Ancient mosaic depicting Noah's Ark, Red Sea parting discovered in ruins
Archaeologists have discovered two panels of a mosaic floor of a Roman-era synagogue that depict Noah's Ark and the parting of the Red Sea during the exodus from Egypt at a synagogue in Huqoq, Israel.
"You can see the pharaoh's soldiers with their chariots and horses drowning and even being eaten by large fish," said excavation director Jodie Magness of the University of North Carolina, Chapel Hill, the National Geographic reports.
She said such images are very rare in this period.
"I know of only two other scenes of the parting of the Red Sea in ancient synagogues. One is in the wall paintings at Dura Europos [in Syria], which is a complete scene but different from ours—no fish devouring the Egyptian soldiers. The other is at Wadi Hamam [in Israel], but that's very fragmentary and poorly preserved," she said.
Magness said the ark scenes are uncommon and she knows of just two: one at the site of Jerash in Jordan, and the other at the site of Misis in Turkey.
Since 2012, Magness has been discovering mosaics at Huqoq.

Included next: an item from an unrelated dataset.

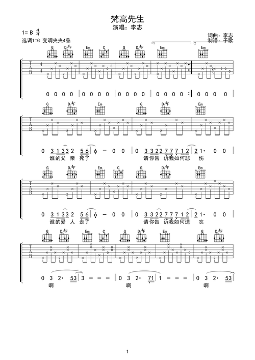 李志《梵高先生》吉他谱-g调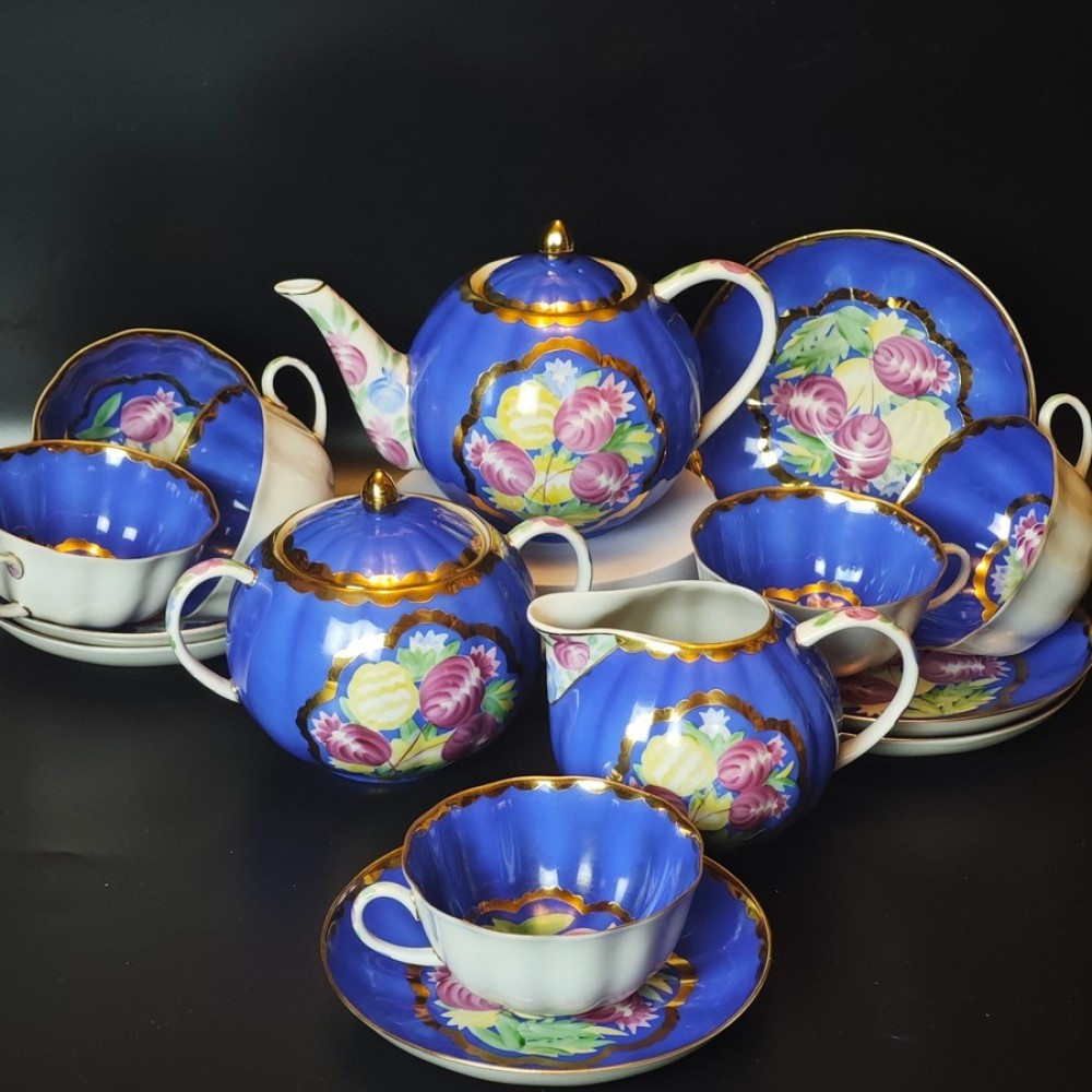 A RARETY FOR A COLLECTION The service includes 15 pieces: teapot, sugar bowl, creamer, 6 cups (8.5 oz), 6 saucers. The service is made of the finest snow-white porcelain, with an even blue glaze, abundant gilding, and hand-painted decoration. The renowned Dulevo "Krasavitsa" (Beauty) was created for the Paris Exhibition of 1937 and intended as a work celebrating the beauty of the Russian woman. Many iconic Dulevo paintings from the Soviet period are the work of the factory’s chief artist, Pyotr Vasilyevich Leonov. Leonov received the Grand Gold Medal at the World's Fair in Paris for the Krasavitsa service. The famous "Krasavitsa" service is considered a classic. During the Soviet era, it could be found in the display cabinets of many city apartments. Drawing author - P.V. Leonov, Honored Artist of the RSFSR. Form author - S.E. Yakovleva, Honored Artist of the RSFSR. Hand-painted and decorated with 24-karat gold.

She returns to the site every June and excavates for one month with student volunteers and specialists in art history, soil analysis and mosaic conservation.
They recently found a series of unusual scenes in panels like an inscription in Hebrew surrounded by theatre masks, cupids and dancers; Samson and the foxes from Judges 15:4 in the Bible; Samson with the gate of Gaza on his shoulders from Judges 16:3; and a three-tiered mosaic that depicts the meeting of two important male figures.
One morning, a patch of mosaic was discovered showing a bear's hind leg with three long claws, and a leopard chasing a gazelle.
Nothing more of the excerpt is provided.